As shown in Figure 3 and Equations 15–18, the reset gate applies the sigmoid activation function to a linear combination of the current state, the output from the previous state, and a bias term. This helps determine how much information should be discarded. Similarly, the update gate uses the sigmoid function on a different linear combination of the current state, the previous output, and a bias term to decide how much information should be updated. The tanh activation function is then used to generate a new candidate value, h ˜ t . This candidate is multiplied (using the Hadamard product) by the output from the update gate. Meanwhile, the difference value of the update state from 1 is multiplied by the previous output (again using the Hadamard product), and this result is added to the first product to produce the final output.
Research has demonstrated that processing the input sequences in both forward and backward directions can improved the accuracy of time series predictions. In our analysis, we will consider the two bidirectional models: the bidirectional long short-term memory (BiLSTM) and the bidirectional gated recurrent unit (BiGRU). Figure 4 shows the architecture of BiGRU. The BiLSTM follows the same architecture as the BiGRU shown in Figure 4, replacing the word "GRU" by "LSTM". The forward pass in BiLSTM and BiGRU processes the sequence from t = 1 to t = n , while the backward pass processes the sequence from t = n to t = 1 . This bidirectional architecture allow these models to capture dependencies from past and future time steps, leading to improved prediction performance.
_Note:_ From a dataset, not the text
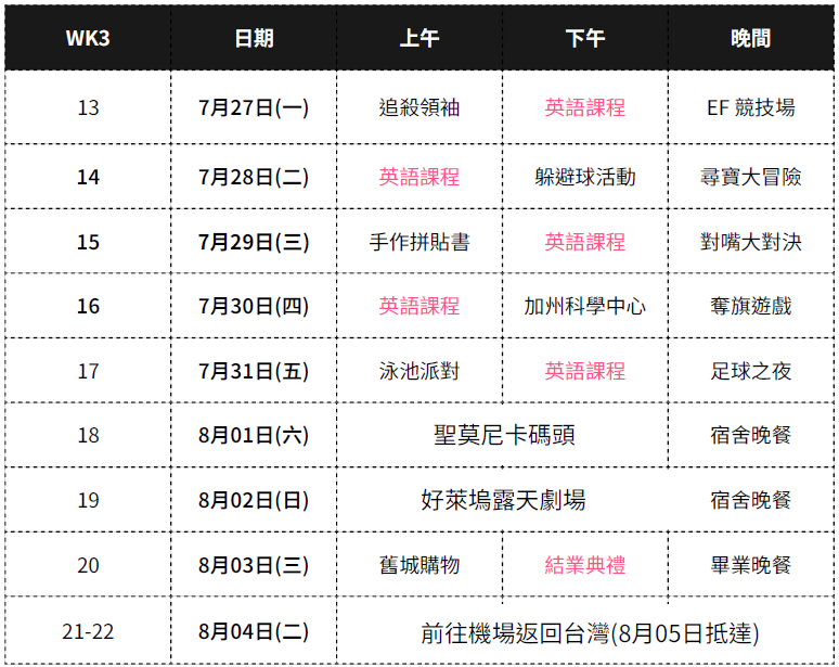 美國加州EF洛杉磯分校3週英語課程+每日超好玩營隊活動
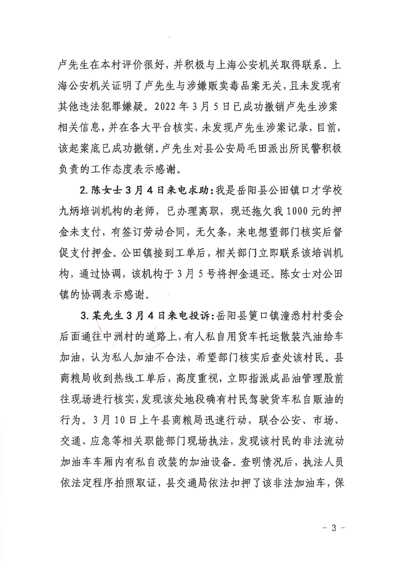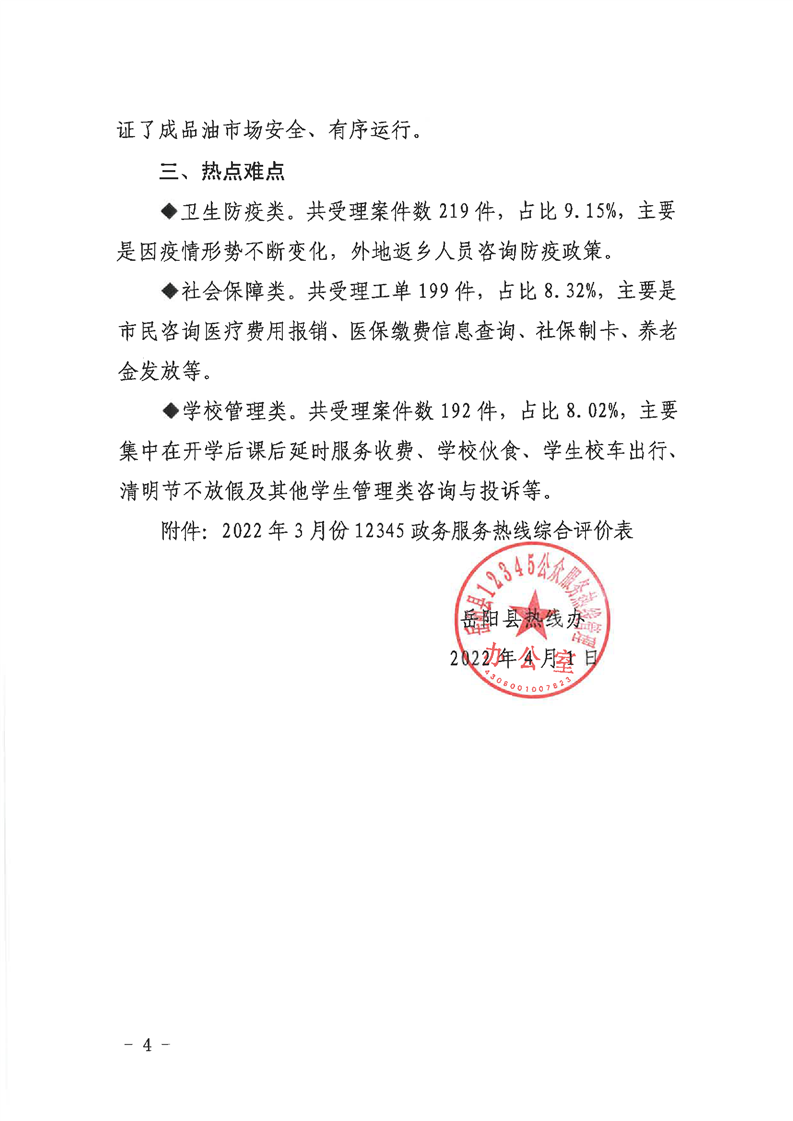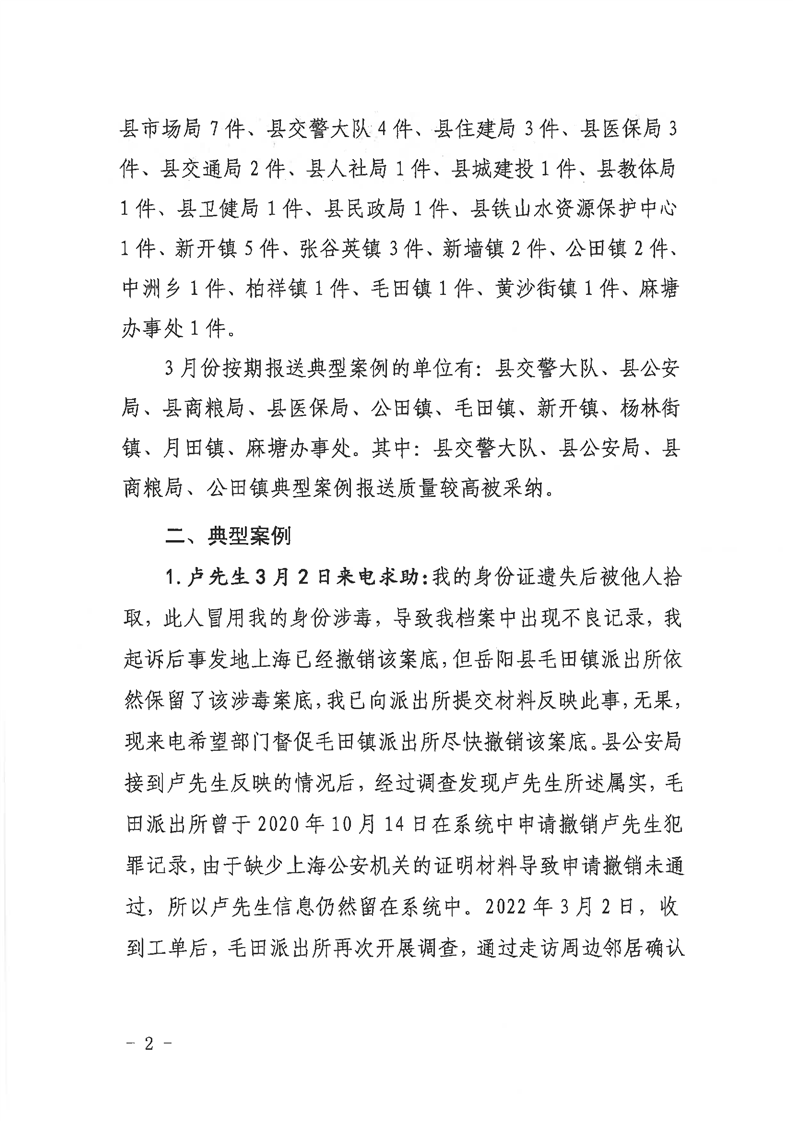 嶽陽縣12345公眾服務熱線2022年3月辦理情況通報

3. Hybrid Transformer + GRU Architecture

Transformer neural networks, introduced by Vaswani et al. [34] in their seminal 2017 paper "Attention is All You Need", have revolutionized the field of natural language processing (NLP). Unlike traditional sequential models like LSTM and GRU, transformers use self-attention to model relationships between all elements in a parallel sequence simultaneously, rather than processing them step by step. This architecture allows transformers to handle both local and global dependencies without the need for recurrent connections more efficiently. The transformers follow an encoder-decoder architecture, where both consist of multiple identical layers. The encoder processes the input, and the decoder produces the output. By leveraging the strengths of transformer and gated recurrent unit deep learning models, we propose a new hybrid Transformer + GRU model for cryptocurrency price prediction. Figure 5 illustrates the structure of this model. The main idea of our proposed model is to treat the historical cryptocurrency prices, trading volumes, and the Fear and Greed Index as a sequence of tokens, leveraging the self-attention mechanism to capture long-range dependencies while using GRU to detect sequential patterns and short-term fluctuations across different time steps. As shown in Figure 5, the historical data is first encoded as input tokens, then it goes through embedding and positional encoding before entering the Transformer layers. The encoder outputs are fed into the GRU decoder, which applies attention over the encoder’s memory to make predictions.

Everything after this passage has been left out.